Thailand
AI behavior law: bot and agent disclosure, crawler and training-data rules, automated-agent transactions, and algorithmic decision-making.
Summary
Thailand presents a moderate crawling risk. The Computer Crime Act B.E. 2550 (2007, amended B.E. 2560/2017) criminalises unauthorised access to computer systems (s.5) and computer data (s.7); the operative threshold is a "specific access prevention measure" — publicly accessible pages without such a measure do not trigger s.5/s.7, so routine public-page crawling carries low CCA exposure. The Personal Data Protection Act B.E. 2562 (PDPA, 2019, fully in force 1 June 2022) applies to all collection, use, and disclosure of personal data; enforcement intensified sharply in 2024-2025, with the PDPC issuing eight administrative fines across five cases by August 2025 (total penalties exceeding THB 21 million, ~$576,000). An Emergency Decree on Technology Crimes (B.E. 2568, effective 13 April 2025) added criminal penalties for personal-data misuse (up to 1 year / THB 100,000 fine).
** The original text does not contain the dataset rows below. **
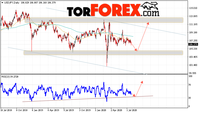 Дополнительным сигналом в пользу роста пары Доллар Иена на текущий торговой неделе выступит тест линии тренда на индикаторе относительной силы. Вторым сигналом станет отскок от уровня поддержки на графике цены. Отменой варианта роста пары USD/JPY на текущей торговой неделе 27 — 31 июля 2020 выступит падение и пробой области 103.05. Такой вариант укажет на пробой области поддержки и продолжение падения пары на Форекс в область ниже уровня 101.05. Подтверждением роста по паре USD/JPY выступит пробой области сопротивления и закрытие над уровнем 109.25.
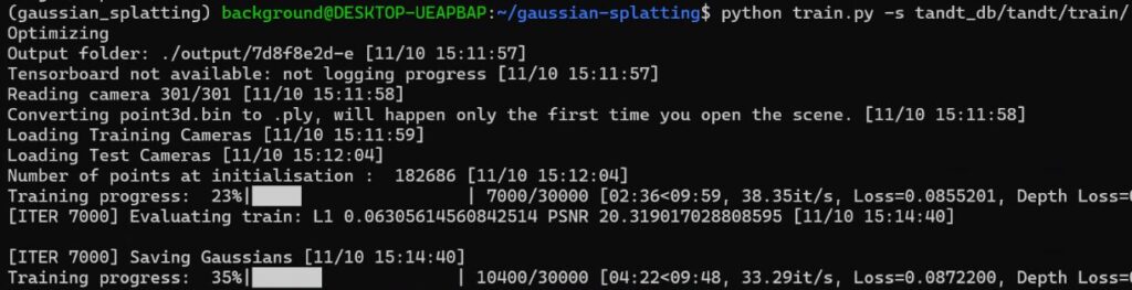 python train.py -s tandt_db/tandt/train/▼処理が始まりました。7000と30000があるようです。
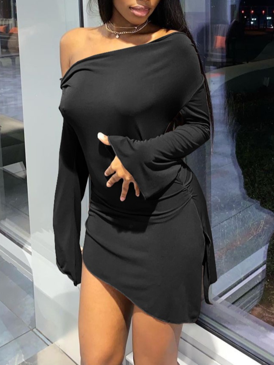 LW Asymmetrical Split Solid Color Mini Dress.
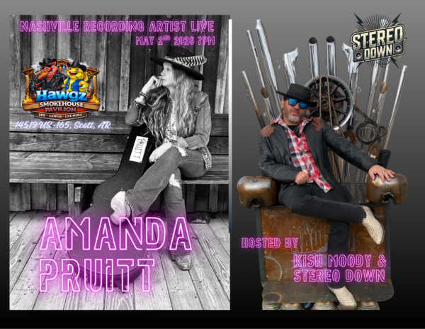 Amanda Pruitt brings Nashville country music to Hawgz Smokehouse Pavilion in Scott, Arkansas on May 2, 2026. Hosted by Kish
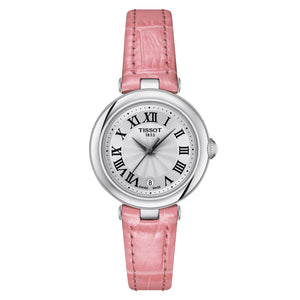 Tissot bellissima small lady quartz womens watch T1260101601301. Stainless steel with yellow gold PVD coating case with a pink leather strap and white dial. Quartz movement. Case size 26mm. Domed scratch resistant sapphire crystal with antireflective coating. Water resistance up to 50 meters. Butterfly clasp with push buttons.
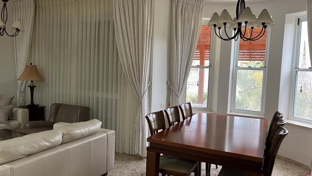 דירה בת 7 חדרים, שמורה ונקיה, גינה גדולה בהשקיה אוטומטית, 2 מרפסות שמש ומרפסת פרגולה, יחידת הורים משופצת, 3 שירותים, חדר שירות, חדר כביסה.

No TDM copyright exception exists in current law — the Copyright Act B.E. 2537 (1994) has no fair-use clause and no TDM carve-out; a draft AI Act proposing an EU-style TDM framework was still in post-consultation revision as of mid-2025 and had not been enacted as of the as_of_date. No database right. Overall — tolerable for non-personal public-page crawling; personal data requires a PDPA lawful basis; AI training on crawled content is legally exposed without explicit rights clearance.
Automated-access legality
Carried forward from the crawler-law index. Governs whether automated clients may access public websites in this jurisdiction.
| Dimension | Value |
|---|---|
| Authorization test | technical gate |
| Public-page carve-out | yes |
| Terms-of-service browsewrap enforceable | notice dependent |
| Terms-of-service clickwrap enforceable | yes |
| Copyright exception model | closed list |
| Text and data mining — commercial status | prohibited |
| Text and data mining — opt-out mechanism | none |
| robots.txt legal weight | non binding notice |
| AI training-specific law | pending |
| Privacy regime | Personal Data Protection Act B.E. 2562 (PDPA 2019, fully in force 1 June 2022); Emergency Decree on Technology Crimes B.E. 2568 (effective 13 April 2025) |
| Trespass to chattels | not recognized |
Last reviewed: 2026-05-24. Confidence: medium. Fast-moving area — verify before relying. Not legal advice.